En conséquence, M. Z..., ès qualités de syndic, demande qu'il soit statué ainsi qu'il suit :- Statuer ce que de droit sur la recevabilité en la forme de l'appel interjeté par Mme Y... ;
- Au fond, le dire non fondé,
En conséquence :
- Débouter Mme Marie-Louise Y... de l'intégralité de ses demandes, fins et conclusions ;
- Confirmer en toutes ses dispositions le jugement rendu le 16 mai 2011 par le tribunal de première instance de Nouméa ;
- Condamner Mme Marie-Louise Y... à verser au syndicat des copropriétaires la somme de 500. 000 Francs au titre des frais irrépétibles ;
- La condamner aux entiers dépens dont distraction au profit de la SELARL Etude BOISSERY-DI LUCCIO, avocats aux offres de droit.
Par note enregistrée au greffe le 17 avril 2012, le syndicat des copropriétaires de la Résidence El Alamein a adressé à la Cour, un accord de " fin de conflit et arrêt des procédures en cours ".
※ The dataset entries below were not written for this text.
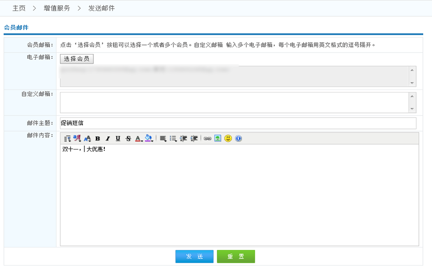 1.電子郵箱:點擊選擇會員 滿足條件的會員的郵箱會自動添加到郵箱列表中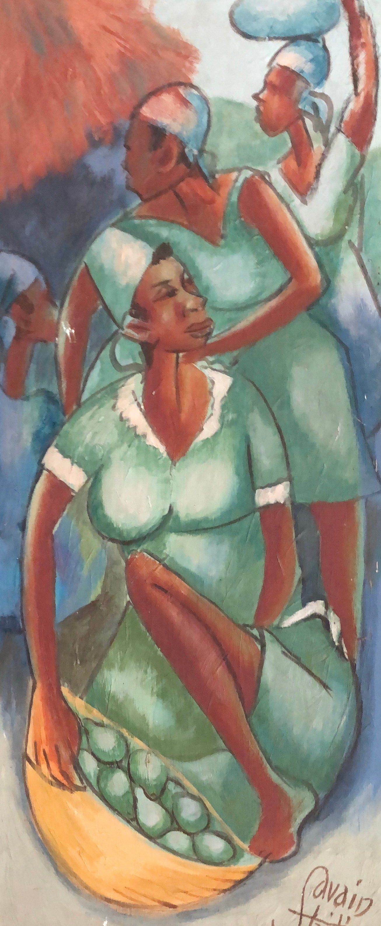 Women at the Market is an elegant oil-on-board painting by renowned Haitian artist Pétion Savain. It portrays a group of women in rhythmic motion, their forms gracefully intertwined as they carry and sort baskets of fruit. Painted with a refined palette of greens, ochres, and blues, the composition exudes both structure and warmth. Savain’s sculptural figures and fluid lines reveal his mastery of form and his poetic interpretation of Haitian life.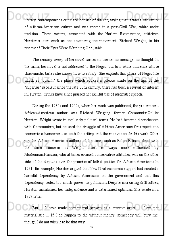 criticizing   her   novel   Their   Eyes   Were   Watching   God   for   not   exploring   racial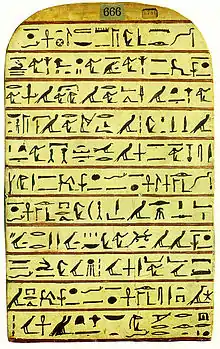666-Estela de revelación- etiqueta del Museo de El Cairo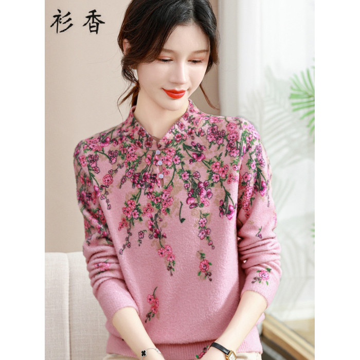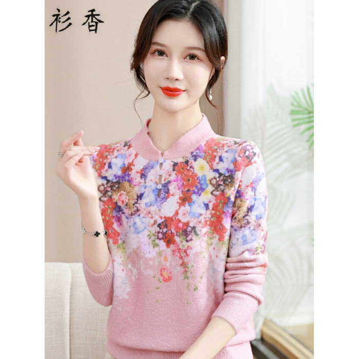 媽媽秋冬裝新款水貂絨加厚毛衣中年女式旗袍領上衣保暖內搭打底衫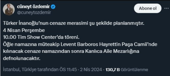 1974 yılında yapımcı Türker İnanoğlu ile nikah masasına oturan Gülşen Bubikoğlu, eşinin vefatının ardından yaptığı paylaşımda "Çok kıymetli eşim Türker İnanoğlu'nu kaybetmenin derin üzüntüsü içerisindeyim" ifadelerini kullandı.Türker İnanoğlu'nun kaybının ardından eski ve yeni eşinden veda mesajları geldiÜnlü yönetmenin vefat haberini sosyal medya hesabından duyuran Sağlık Bakanı Fahrettin Koca, yaptığı paylaşımda, "Sanat dünyamızın ünlü isimlerinden yapımcı ve film yönetmeni Türker İnanoğlu geçirdiği ani rahatsızlığın ardından kaldırıldığı hastanede yapılan müdahalelere rağmen kurtarılamayarak hayatını kaybetti. Kendisine Allah'tan rahmet, yakınlarına başsağlığı diliyorum. Sevenleri olarak acımız büyük." ifadelerini kullandı.Türker İnanoğlu'nun kaybının ardından eski ve yeni eşinden veda mesajları geldiİnanoğlu'nun damadı gazeteci Cüneyt Özdemir, sosyal medya hesabından kayınpederinin cenaze programını paylaşarak, "Türker İnanoğlu'nun cenaze merasimi şu şekilde planlanmıştır.4 Nisan Perşembe, 10.00 Tim Show Center'da töreni. Öğle namazına müteakip Levent Barboros Hayrettin Paşa Camii'nde kılınacak cenaze namazından sonra Kanlıca Aile Mezarlığı'na defnolunacaktır" dedi.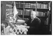 Siedle was described as "a man large in frame, stooped, with a big cigar drooping from the corner of his mouth... He looked a bit like the Winston Churchill of today."[6] He was rarely seen without a black fedora hat and a cigar in his mouth.[7] His office was described as "cluttered with books, papers, boxes, wigs, and full of a truly startling and heterogeneous collection of furniture, hangings, materials, and odds and ends."[8]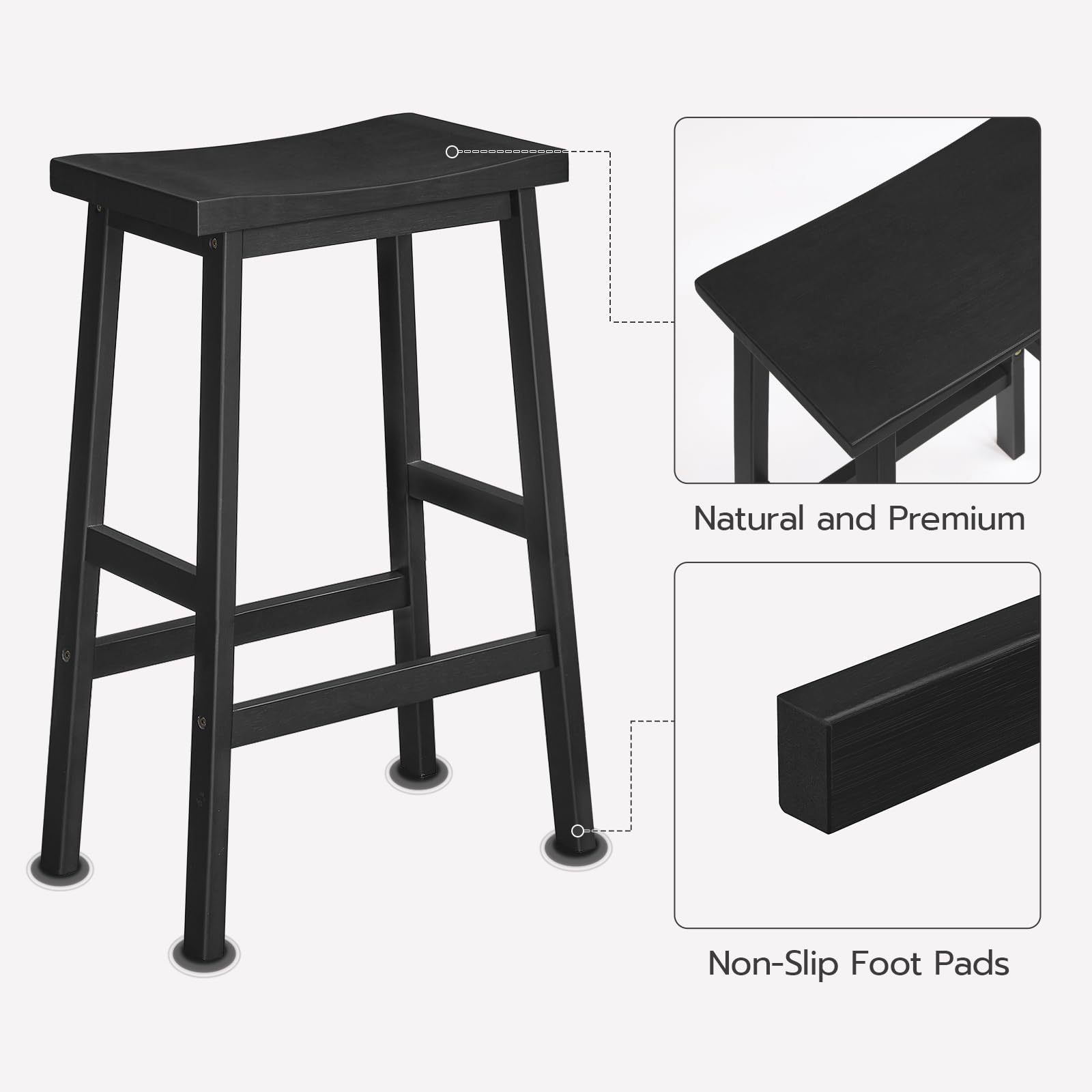 - More Comfortable: The stool surface of each bar stool adopts a saddle shape, which helps relieve fatigue and corrects sitting posture to a certain extent. Four pedals below in 2 heights are designed to create the better sitting experience for you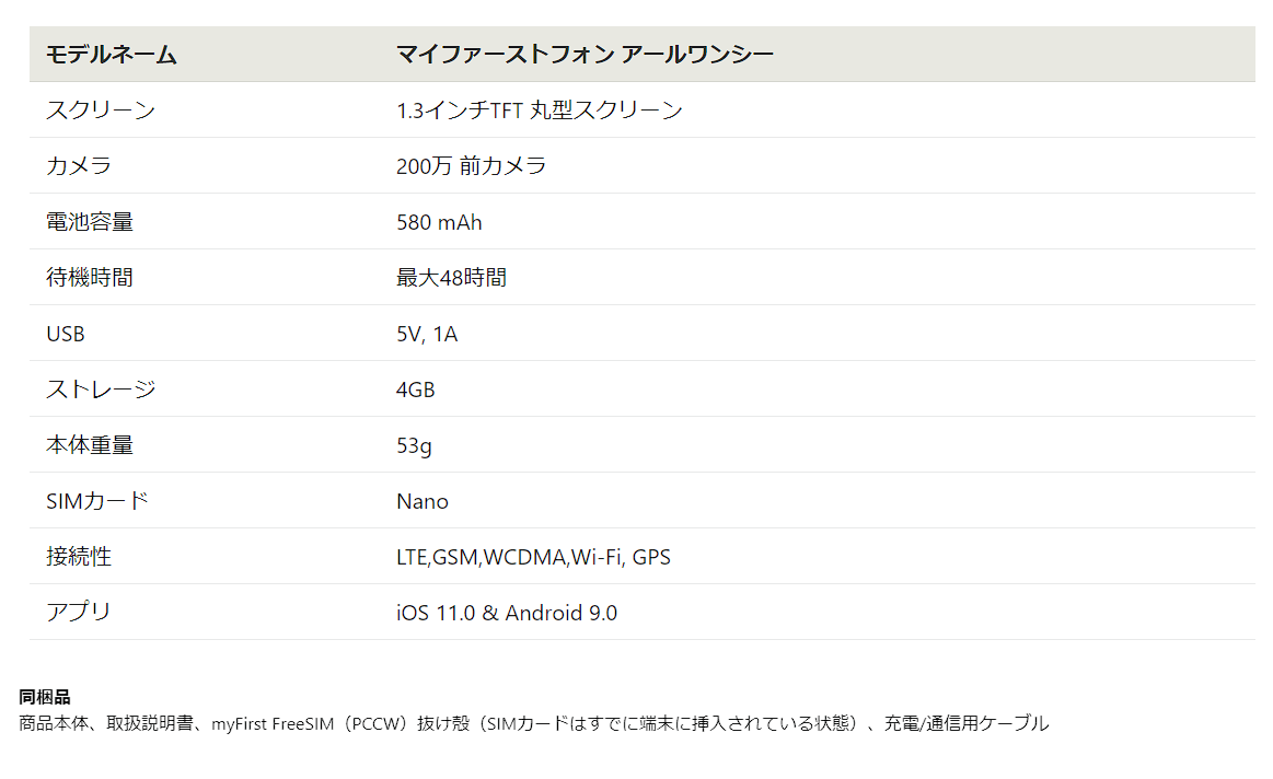 商品本体、取扱説明書、myFirst FreeSIM(PCCW)抜け殻(SIMカードはすでに端末に挿入されている状態)、充電/通信用ケーブル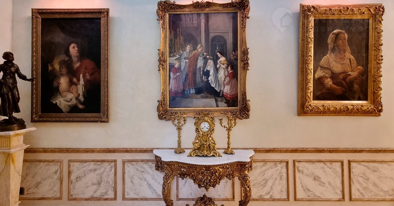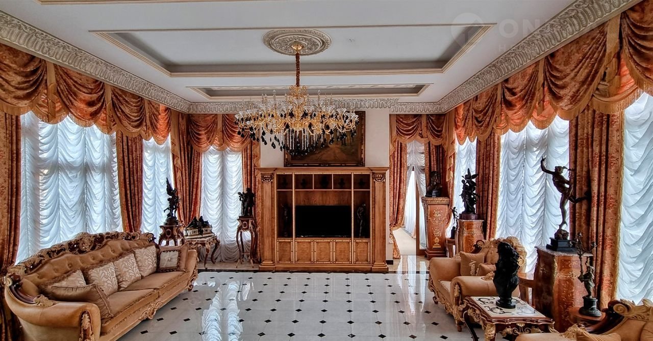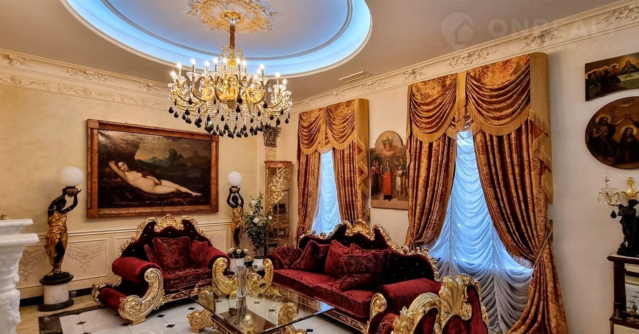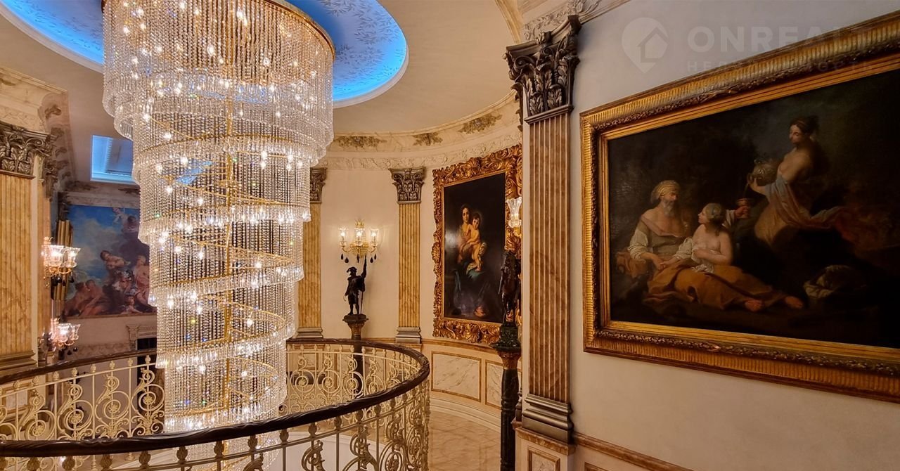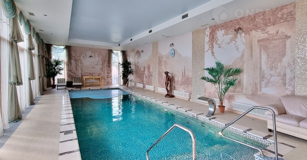 ID 10 402. Монолит. Просторный загородный особняк площадью 1850 м² расположен на полевом участке 40 соток. Бежевый фасад с колоннами и резными капителями, балясинами и наличниками выполнен в классическом стиле. В оформлении интерьера в теплой палитре оттенков использованы лепнина, позолота, витражи, колонны и полуколонны. В резиденции спланировали 4 спальни, каминный зал, гостиную, кухню, столовую, кабинет-библиотеку со вторым светом, SPA-зону с русской баней, инфракрасной сауной и купелью, бассейн, профессиональную соляную комнату. Предусмотрен гараж на 4 машины и квартира для персонала с отдельным входом. На участке выполнен ландшафтный дизайн, высажены садовые деревья и кустарники, вымощены дорожки, оборудовано уличное освещение.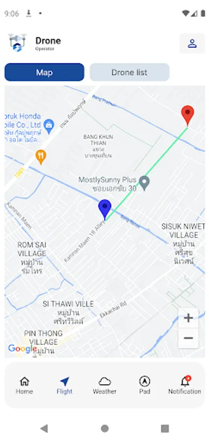 Drone operator can real-time tracking user's operated drone and show on the in-app map.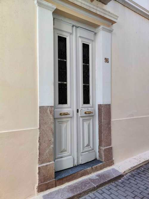 Η κύρια είσοδος του σπιτιού ευρίσκεται κάτω από το μπαλκόνι του πρώτου ορόφου. Οι παραστάδες συνήθως είναι από άσπρο μάρμαρο· το ίδιο και το ανώφλι. Πάνω από αυτό υπάρχει κάποτε ανάγλυφο στεφάνι και μέσα σ’ αυτό χαράσσεται το έτος ανέγερσης. Ανάλογα με τον πλούτο του ιδιοκτήτη και το μεράκι του αρχιτέκτονα, η κύρια είσοδος στολίζεται συμμετρικά με διάφορες παραστάσεις και αρχιτεκτονικά σχήματα.

Les ordonnances de clôture et de fixation de la date de l'audience ont éte rendues le 6 juin 2012.
MOTIFS DE LA DECISION
Attendu que par note enregistrée au greffe le 17 avril 2012, le syndicat des copropriétaires de la Résidence El Alamein a adressé à la Cour, un accord intitulé " fin de conflit et arrêt des procédures en cours " qui est ainsi libellé :
" Suite à l'accord intervenu lors de l'Assemblée Générale du 14 avril 2012 entre :
Mme Marie Louise X..., veuve Y..., propriétaire du lot 2 et le Syndicat des copropriétaires de la Résidence El Alamein,
un protocole d'accord a été signé, dont les dispositions prévoient le règlement immédiat des charges courantes de copropriété dues au syndicat des copropriétaires et l'arrêt de toutes les procédures en cours Cf. pJ « Protocole d'accord
Mme Marie Louise X..., veuve Y... ayant réglé la somme afférente aux charges précitées, par chèque BNP no 0440897 d'un montant de 1. 938. 172 F remis au Syndic le 14 avril 2012 Cf. pJ copie du CHQ
Le Syndicat des copropriétaires ayant approuvé à l'unanimité lors de l'AGO du 14 avril 2012 la signature par le syndic du protocole d'accord portant sur l'arrêt des procédures en cours et le règlement des charges impayées par la débitrice sans intérêts de droit
Nous vous prions de bien vouloir annuler les procédures en cours citées en référence " ;
Attendu qu'à l'audience, les conseils des parties ne s'opposent pas à cette demande ;
Attendu qu'il convient ainsi de prendre acte de l'accord des parties qui est conforme aux règles de droit et s'analyse comme un désistement d'appel ;
Attendu qu'aux termes de l'article 403 du Code de procédure civile de la Nouvelle-Calédonie, ce désistement emporte acquiescement du jugement ; que l'appelante n'est dès lors, en l'absence de tout appel incident ou toute demande incidente formés postérieurement à ce désistement, plus recevable à solliciter l'infirmation du jugement ;
Attendu qu'en conséquence, la Cour constate le désistement d'appel ;
PAR CES MOTIFS
La Cour,
Statuant publiquement, par arrêt contradictoire déposé au greffe ;
Déclare l'appel recevable ;
Constate le désistement d'appel de Mme X... Veuve Y... ;
Confirme en toutes ses dispositions le jugement du 16 mai 2011 ;
Dit que les dépens d'appel seront à la charge de Mme X... Veuve Y....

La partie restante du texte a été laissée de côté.